Next Generation Leadership: Jingoism Vs. Kool-Aid-ism
At Competitive Futures, we’re thinking long and hard these days about what the next generation of leadership will need to look like. 2009 will feature a variety of new events, services, and dialogues around what we need to do to thrive in the face of all of these crises.
Just found a great way to describe the leadership mindsets of the different generations via Jessica Margolis, a futures-oriented thinker on this subject, and wanted to post her insights in their entirety. Go check out the whole thing.
As we transition to a kind of leadership that is equal to our challenges, we will need to enter into many such deep philosophical discussions.
KOOL-AID-ISM
Baby Boomers had Jingoism, and Generation X has Kool-Aid-ism. For the Boomers, Viet Nam was the question: Would you go? Would you NOT go? If you didn’t go, would you protest? Leave the country? What is a hero? Where are your national duties? You may have relatives who served or even died during World War II; how can you oppose your government’s call to duty?

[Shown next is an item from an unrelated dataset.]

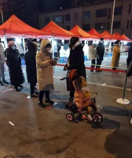两岁半的萌娃,不到5点就跟着家长排队做核酸。骑着自己的玩具自行车,安安静静地等待。

Generation X has had a similar pivotal issue: Will you go to work in corporation? Will you refuse? If you don’t go, will you start your own business? How should you support yourself; what role should your livelihood play in your life? What about your family? Where are your obligations? How should you effect change?
“Drinking the Corporate Kool-Aid” is an expression often used to mean the degree to which an employee buys into the goals and objectives as stated by the executives in the firm they work.
The degree to which (US-raised) Generation Xers bought into to the framework of unfettered capitalism is as much a litmus test as the degree to which Boomers bought into the framework of unfettered nationalism. It even has the same polarizing issues: If you’re going to do it, do it right! (Be much more aggressive in Viet Nam; make a LOT of money in the corporate world.) If you object to the powerful treating you badly, then you’d better not do the same thing yourself (“Make love not war”; “First, do no evil”).